In order to analyse the data at rest, we can create a streaming pipeline job that takes the data from Message Hub and stores it in CSV files. This process is described in [Example 2: MessageHub to CSV streaming pipelines](#intro_b) These files can be concatenated and loaded into a Jupyter notebook. We can use [PixieDust](https://github.com/ibm-cds-labs/pixiedust) to analyse the data. This type of analysis with PixieDust is done in [Notebook #4: Visualize streaming data](https://github.com/wdp-beta/get-started/blob/master/notebooks/localcart-scenario-part-4.ipynb).

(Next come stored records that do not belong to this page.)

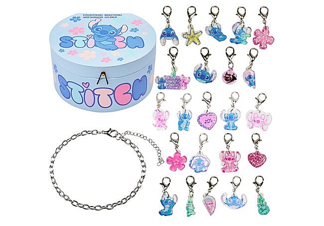 Con un diseño temático de Disney Stitch, este calendario de adviento presenta una pulsera plateada acompañada de 23 charms distintos. Cada compartimento revela una pieza decorativa que permite personalizar la pulsera, ofreciendo variedad y colorido.
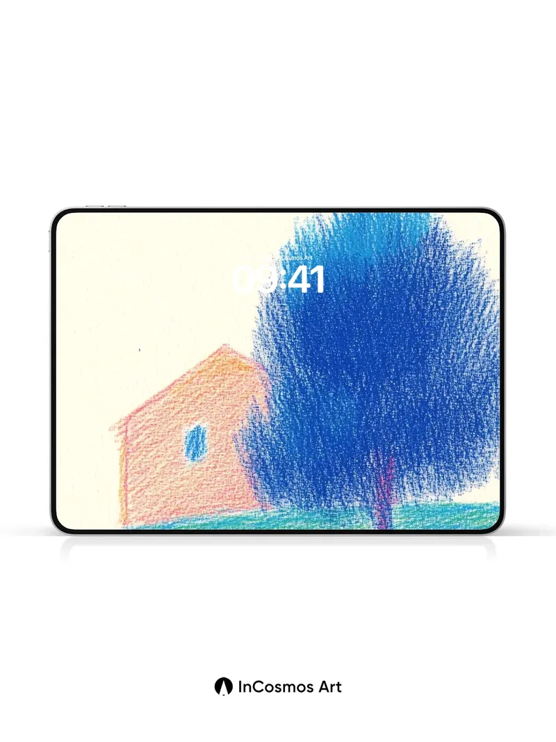 Serene Blue Tree Wallpaper with Soft Orange Hut
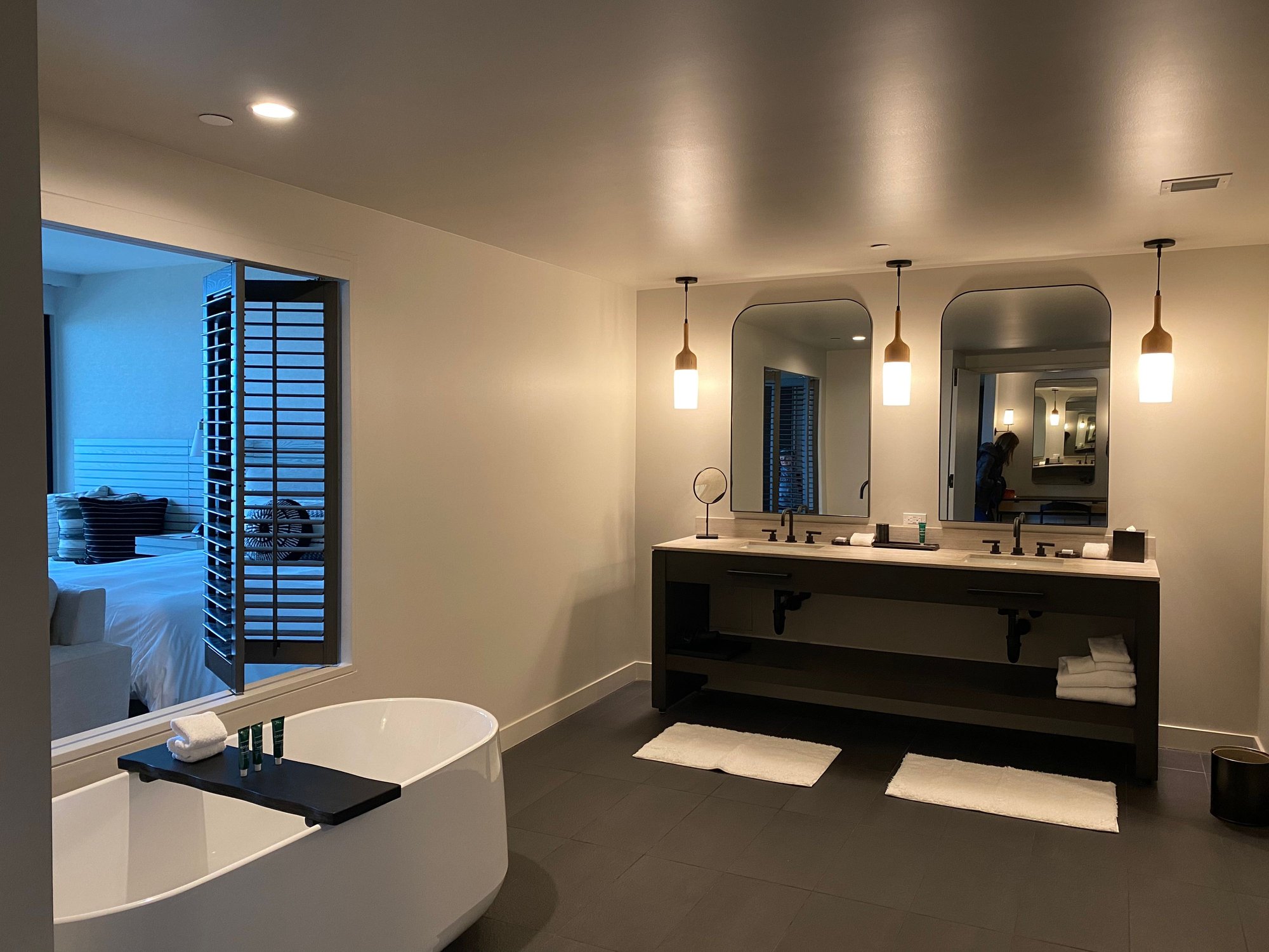 I thought the room was beautiful, with a great bathroom. My son was delighted by the standalone tub and I thought the eucalyptus toiletries were great. I loved the view up the coast to the beach from our balcony. To my surprise, there was a turn down/refresh service while we were out to dinner, which I hadn’t seen anywhere since COVID. The room had two free hard seltzers and Nespresso, along with some sort of luxury sweetened condensed milk creamer that tasted like frosting. There was also a nice tea selection with four choices.
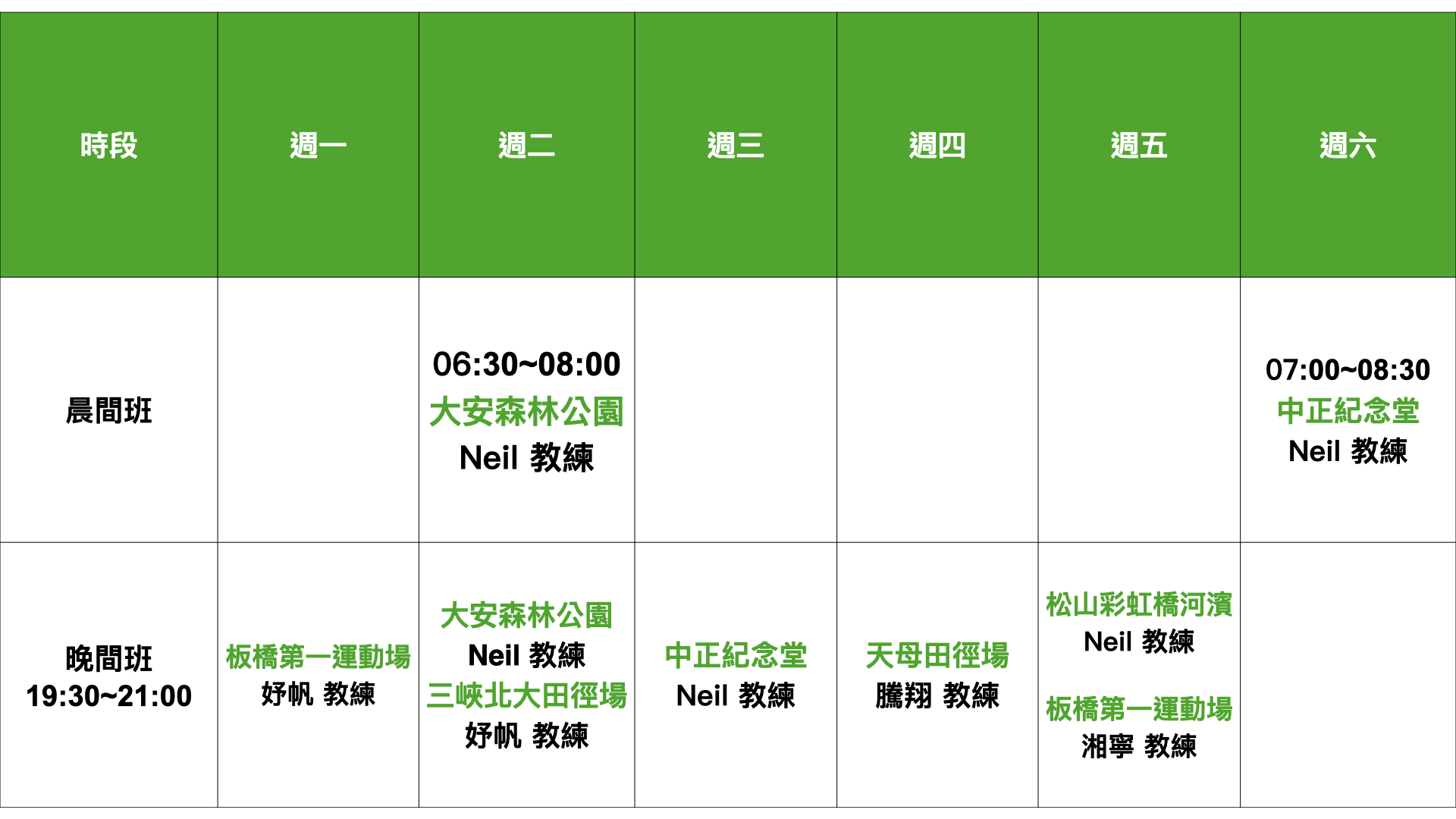 專業陣容再升級|全新教練,能量加倍 全新教練團熱情登場,帶來更多元的訓練風格與能量!透過他們專業、耐心的引導,以及更詳細的系統化課程,不只讓你安心起跑,更帶你穩定進步!

### Streaming data analysis

In order to gather aggregations of each event as it arrives, we can set up a streaming pipeline that performs aggregation operations and writes the output to Redis. Aggregation operations enable us to do some real-time analysis as the data streams.


### Visualization

After we have aggregations in Redis, we can see the data in dashboards by using PixieDust in Jupyter notebooks, or by using custom-made Node.js web applications.  

## Table of contents

1. [Introduction](#intro_a)<br>
2. [Scenario](#process_a)<br>
3. [Collect data from Message Hub](#collect_a)<br>
4. [Process the incoming events with Python code](#process_events)<br>
5. [Set up aggregation functions for events](#aggregation)<br>
6. [Provision and set up Redis database](#redis)<br>
7. [Repeat for next streams ....](#repeat)<br>
8. [Summary and next steps](#summary)<br>


<a id="process_a"></a>
## Scenario

In this notebook, our aim is to analyse the incoming events by using the streaming pipelines service. The following graphic shows LocalCart clickstream events that are generated and sent from the Message Hub service.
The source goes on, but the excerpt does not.